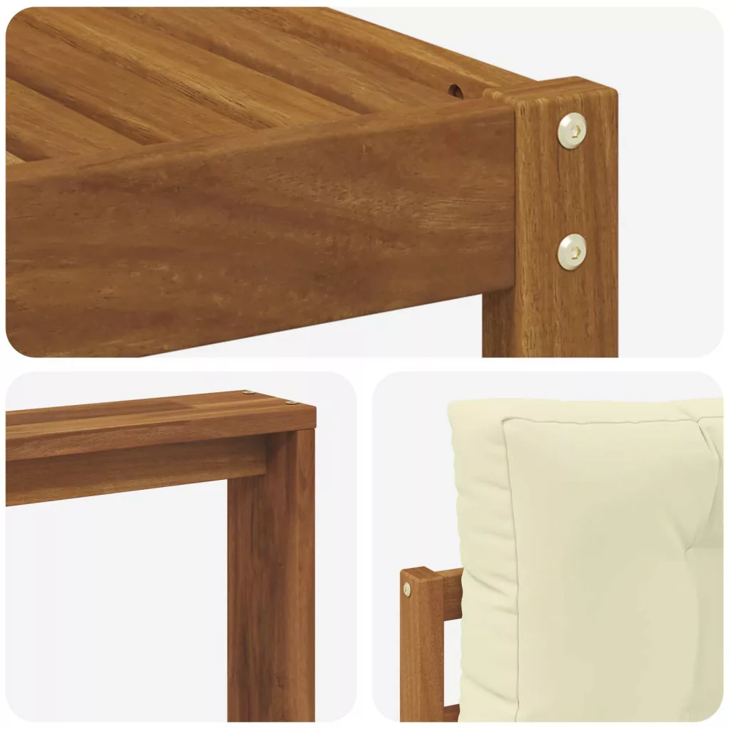 Ez a kültéri szekcionált kanapé szett a modern eleganciát hozza el karcsú dizájnjával, ideális bármilyen kert, terasz vagy medence transformálásához. Tömör akácfából készült, gazdag barna színben, ami nemcsak látványos, de masszív alapot is ad, ami ellenáll a különböző időjárási viszonyoknak. Moduláris felépítése lehetővé teszi, hogy könnyen igazodjon bármely területhez, több rugalmasságot és kreativitást kínálva a berendezéshez.
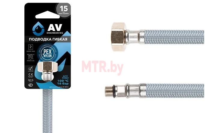 Гибкая подводка для воды иголка м10 короткая - гайка 1/2 100 см AV Engineering (AVE215100) - приспособление, позволяющее соединять два стационарных вывода воды, причем они (выводы) могут располагаться под любым углом и на любом расстоянии друг от друга. Подводка предназначена для подключения смесителя, бойлера, газового котла, унитаза к системе водоснабжения жилых и частных домов, промышленных предприятий. Отличается простотой монтажа, длительным сроком службы и универсальностью. Концевая присоединительная арматура из никелированной латуни. Материал внутренней трубки - EPDM-резина. Наружная оплётка из ПВХ. Уплотнительное кольцо - EPDM-резина. Обжимная гильза из нержавеющей стали AISI-304 с защитным слоем.
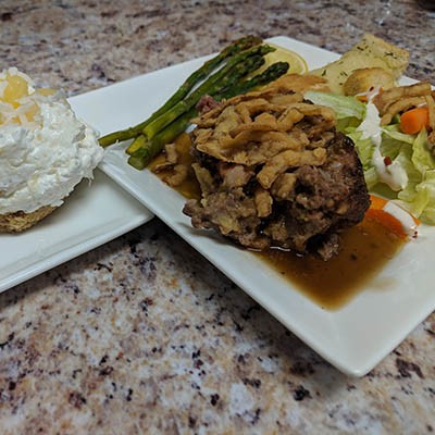 - Serve hot with smashed potatoes, gravy and onion strings.
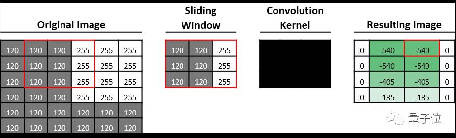 △ 图12:应用垂直边缘滤波器对突出显示的红色区域进行卷积,从而在生成矩阵上获得红色最终值
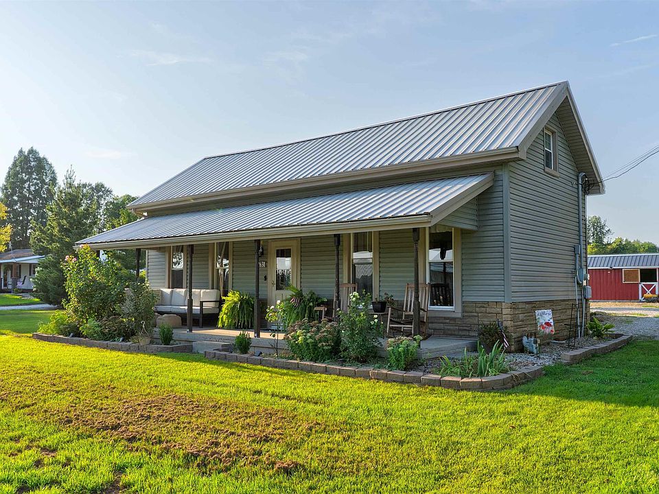 Charming country home with barn and fenced pasture! This adorable home sits on 2 lots that equal nearly a half acre. The home is spacious with a bedroom, a full bath, a laundry room, mud room, family room, dining room, and bedroom or"play room" all on the first floor. The extra wide stairs leads up to a large landing area that is being used for an exercise area and a bedroom and extra room that could also be used as a bedroom. This home has been updated with a metal roof, siding, a complete overhaul of the crawl space, floor joists and vapor barrier. There is a sump pump in the crawl space. The tiled floor in the kitchen/living room is heated to keep the chill off on cold mornings. Furnace is electric and heated floors are gas. The bathroom also has new concrete, flooring, plumbing, toilet, vanity , and tub. AC replaced in 2023. Outside you will find ample parking space with a 26X10 barn. The barn is anchored and has electric as well as sliding doors and stalls. The fencing is electric with the fence charger located inside the barn. All appliances are included in the sale.
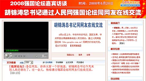 人民網直播胡錦濤總書記與網友在線交流(網頁截屏)
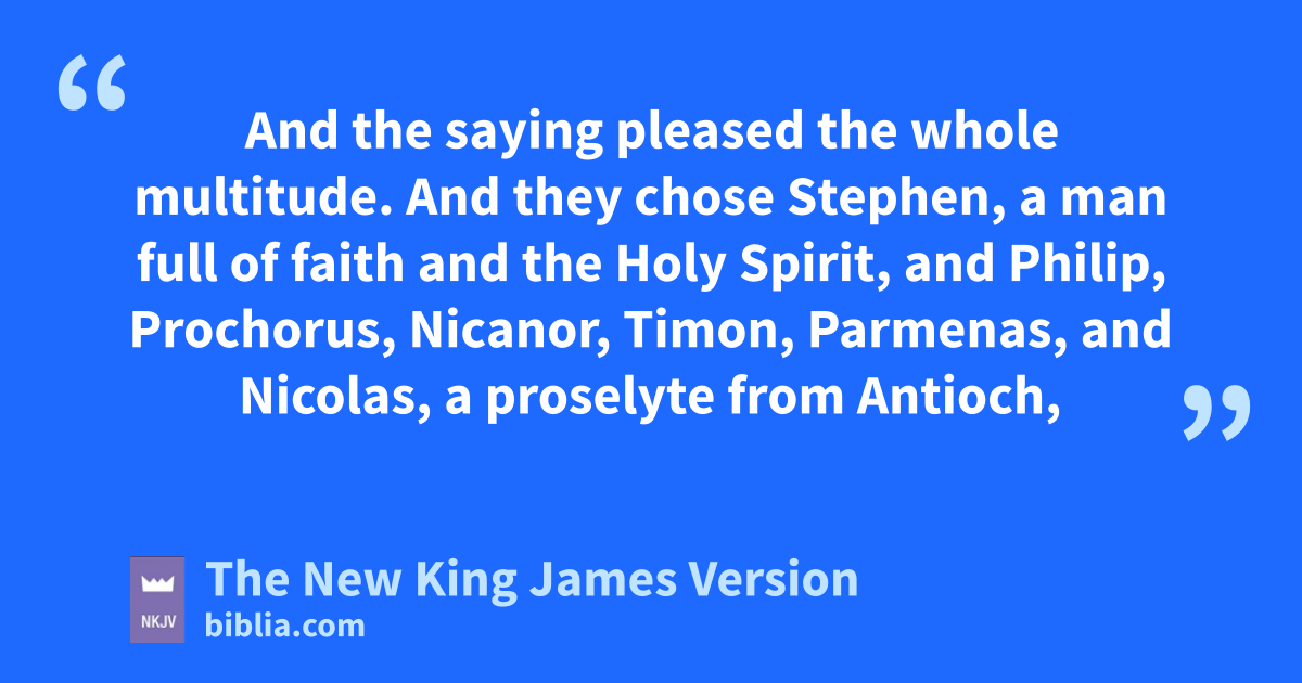 5 And the saying pleased the whole multitude. And they chose Stephen, ha man full of faith and the Holy Spirit, and iPhilip, Prochorus, Nicanor, Timon, Parmenas, and jNicolas, a proselyte from Antioch, 6 whom they set before the apostles; and kwhen they had prayed, lthey laid hands on them.
════════════════
Task requirements: Your answer must be the lines from the one holding "人民網直播胡錦濤總書記與網友在線交流(網頁截屏)" through the final line of the records above, exactly as written and without any pictures.

Task response:
 人民網直播胡錦濤總書記與網友在線交流(網頁截屏)
 5 And the saying pleased the whole multitude. And they chose Stephen, ha man full of faith and the Holy Spirit, and iPhilip, Prochorus, Nicanor, Timon, Parmenas, and jNicolas, a proselyte from Antioch, 6 whom they set before the apostles; and kwhen they had prayed, lthey laid hands on them.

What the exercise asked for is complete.